Theorem (Euler) $:$ For $|x|<1$ we have
$$\prod\limits_{m=1}^{\infty} \frac {1} {1-x^m} = \sum\limits_{n=0}^{\infty} p(n) x^n,$$ where $p(n)$ denotes the number of partitions of $n$ for $n \geq 1$ and $p(0)=1.$
In my book the above identity is proved only for $0 \leq x < 1$ and it was said at the end of the proof that this proof can be extended analytically to the whole unit disk. But how do I do that? Would anybody please help me regarding this?
What I have understood is that if I can show that $\lim\limits_{n \to \infty} \frac {p(n+1)} {p(n)} = 1$ then I am done. But I can't able to find the limit.
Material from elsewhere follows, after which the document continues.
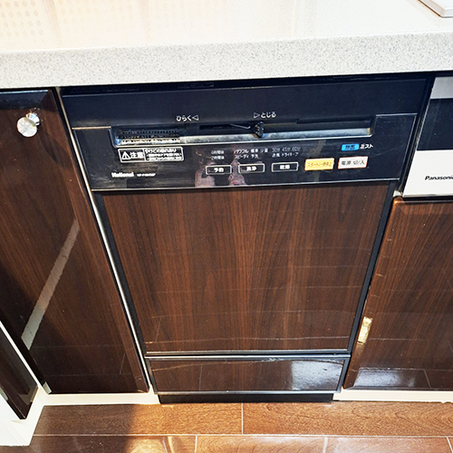 横浜市金沢区レイディアントシティ横濱にて、NP-P45VD2PからNP-45MD9Sへの交換工事を行いました。事前に機種名をご提示いただいていたため、お送りいただいた写真と寸法を確認し、問題なく設置できることをお伝えしました。特注パネルは当日ご用意した見本帳からお選びいただき、後日ご自宅へ直送し、お客様にて取り付けていただきました。NP-45MD9Sは約6人分に対応するディープタイプで、お鍋も入れやすい大容量モデルです。AIエコナビやストリーム除菌洗浄、ムービングラックプラスなど、使い勝手と清潔さに配慮した機能も備わっています。食洗機交換のご相談も承りました。

Any help regarding this will be highly appreciated.
Thank you very much.
As mentioned by Lord Shark the Unknown, it is easy to prove this using the fact that uniformly converging analytic functions converge to analytic functions.
We have uniform convergence of an infinite product easily here on any disk of radius $r<1$ since
$$\left|\log\left[\frac1{1-z^m}\right]\right|=|\log(1-z^m)|\le|z|^m+\frac{|z|^{2m}}{|1-z^m|^2}\le r^m+\frac{r^{2m}}{1-r^m}$$
which converges by the ratio test for all $r\in[0,1)$.
Thus, the LHS is analytic on $|z|<1$.
Similarly for the RHS, we have the simple bound:
$$\left|\sum_{n=0}^\infty P(n)z^n\right|\le\sum_{n=0}^\infty P(n)|z|^n\le\sum_{n=0}^\infty P(n)r^n$$
The convergence of the last sum is also very likely proven in your book for $r\in[0,1)$.
Thus, the RHS is analytic on $|z|<1$.
Thus it follows from a simple analytic continuation argument that this holds for all $|z|<1$.